Para describir, si no definir, la particularidad de su naturaleza, se había imaginado desde hacía tiempo la clase de deslumbramiento y terror que debía emanar de ellos y la extraordinaria densidad de su ser, según el modelo de una luminosidad prodigiosa, que residía en ellos, o que llevaban sobre sí como una vestimenta de luz, o que habían colocado sobre su cuerpo o sobre su cabeza, como joya resplandeciente que irradiaba a su alrededor, iluminando y hechizando todo con un «resplandor sobrenatural», maravilloso al tiempo que terrible, como todo lo que es fascinante .

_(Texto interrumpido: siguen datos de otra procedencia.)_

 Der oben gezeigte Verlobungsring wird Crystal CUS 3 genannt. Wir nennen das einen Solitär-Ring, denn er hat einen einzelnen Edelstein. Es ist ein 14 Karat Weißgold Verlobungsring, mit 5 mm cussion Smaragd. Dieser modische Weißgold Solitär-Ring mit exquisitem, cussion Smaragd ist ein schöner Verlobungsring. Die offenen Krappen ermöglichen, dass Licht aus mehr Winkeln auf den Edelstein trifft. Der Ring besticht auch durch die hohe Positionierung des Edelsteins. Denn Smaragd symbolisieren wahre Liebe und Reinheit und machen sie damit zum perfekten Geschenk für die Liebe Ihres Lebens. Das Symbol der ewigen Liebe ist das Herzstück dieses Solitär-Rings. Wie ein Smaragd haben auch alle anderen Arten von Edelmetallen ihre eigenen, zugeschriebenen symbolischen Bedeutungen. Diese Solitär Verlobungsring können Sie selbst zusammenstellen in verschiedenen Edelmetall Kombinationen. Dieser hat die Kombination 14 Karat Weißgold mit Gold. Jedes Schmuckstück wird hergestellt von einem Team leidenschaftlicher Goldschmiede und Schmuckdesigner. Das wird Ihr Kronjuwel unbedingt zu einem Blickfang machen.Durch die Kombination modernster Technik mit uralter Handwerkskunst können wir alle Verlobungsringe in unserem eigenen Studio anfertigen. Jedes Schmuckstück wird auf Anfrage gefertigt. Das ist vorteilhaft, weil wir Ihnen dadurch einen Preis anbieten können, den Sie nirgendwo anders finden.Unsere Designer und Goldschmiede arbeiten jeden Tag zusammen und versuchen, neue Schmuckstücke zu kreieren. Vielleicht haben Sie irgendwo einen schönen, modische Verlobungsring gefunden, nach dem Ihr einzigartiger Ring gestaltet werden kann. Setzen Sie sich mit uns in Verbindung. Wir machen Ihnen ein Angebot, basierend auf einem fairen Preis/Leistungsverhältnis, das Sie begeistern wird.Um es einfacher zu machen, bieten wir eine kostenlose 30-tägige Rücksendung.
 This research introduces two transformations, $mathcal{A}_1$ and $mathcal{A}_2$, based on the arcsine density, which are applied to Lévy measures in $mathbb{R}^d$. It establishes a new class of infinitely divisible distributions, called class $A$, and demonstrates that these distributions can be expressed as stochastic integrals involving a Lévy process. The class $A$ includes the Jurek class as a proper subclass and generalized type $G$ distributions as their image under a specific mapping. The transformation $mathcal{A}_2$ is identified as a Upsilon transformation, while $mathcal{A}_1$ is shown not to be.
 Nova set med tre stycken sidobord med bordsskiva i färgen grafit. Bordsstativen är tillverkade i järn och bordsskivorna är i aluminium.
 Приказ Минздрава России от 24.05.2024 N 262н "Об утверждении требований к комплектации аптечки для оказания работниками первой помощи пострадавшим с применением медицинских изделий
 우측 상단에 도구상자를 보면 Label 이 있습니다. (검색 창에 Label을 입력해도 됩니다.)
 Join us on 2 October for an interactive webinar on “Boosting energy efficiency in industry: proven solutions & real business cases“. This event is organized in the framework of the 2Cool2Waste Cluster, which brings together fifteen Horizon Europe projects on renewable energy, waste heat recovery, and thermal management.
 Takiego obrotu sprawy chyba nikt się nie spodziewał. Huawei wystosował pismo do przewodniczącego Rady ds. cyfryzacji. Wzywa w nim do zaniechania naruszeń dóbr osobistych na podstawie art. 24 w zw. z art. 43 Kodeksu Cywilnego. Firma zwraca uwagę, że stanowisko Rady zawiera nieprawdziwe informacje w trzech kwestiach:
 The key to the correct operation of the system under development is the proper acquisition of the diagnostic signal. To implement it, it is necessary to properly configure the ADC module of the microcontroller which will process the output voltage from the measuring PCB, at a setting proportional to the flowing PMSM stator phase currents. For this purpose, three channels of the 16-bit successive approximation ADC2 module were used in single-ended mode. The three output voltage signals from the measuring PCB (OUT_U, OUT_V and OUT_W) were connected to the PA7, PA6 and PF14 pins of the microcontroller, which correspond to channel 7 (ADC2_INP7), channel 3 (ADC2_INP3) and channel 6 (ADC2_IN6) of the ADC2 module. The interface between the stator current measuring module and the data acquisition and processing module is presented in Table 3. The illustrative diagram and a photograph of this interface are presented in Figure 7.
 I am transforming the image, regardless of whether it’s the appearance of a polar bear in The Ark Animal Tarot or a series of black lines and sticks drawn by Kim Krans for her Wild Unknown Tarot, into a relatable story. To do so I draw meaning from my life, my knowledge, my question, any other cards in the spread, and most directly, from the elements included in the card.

Se llamaba melammu (del compuesto sumerio m e, «poder», y lám, «incandescente») a esta fuente de asombro y de espanto que distinguía sobre todo a los dioses: admirables, en virtud de este esplendor, pero también capaces de ahuyentar a los hombres, arrojándolos a tierra con tan intenso resplandor, fuente de una energía que emitían proporcionalmente a su densidad ontológica, como si la luz y la luminosidad hubieran servido en ese país de ideogramas para lo que nosotros llamamos «el ser».

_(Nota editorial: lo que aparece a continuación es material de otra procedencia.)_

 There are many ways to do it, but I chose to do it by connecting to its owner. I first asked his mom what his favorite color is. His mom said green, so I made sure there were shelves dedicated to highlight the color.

Esta expresión resplandeciente de su naturaleza divina —se utilizaban corrientemente media docena de cuasi sinónimos: rasubbatu, namrirru, sarüru, e incluso puluhtu, literalmente, «temor», «espanto», evocando todos, al mismo tiempo, la misma mezcla de resplandor y espanto— podía, por otra parte, ser concedida por los dioses, más atenuada y con carácter temporal, a algunas criaturas: personas soberanas u objetos sagrados, que reflejaban así al menos las apariencias de la «divinidad». El melammu, en suma, no era sino la traducción mitológica del sentimiento religioso fundamental, compuesto de deslumbramiento y terror, conjuntamente suscitados por los dioses.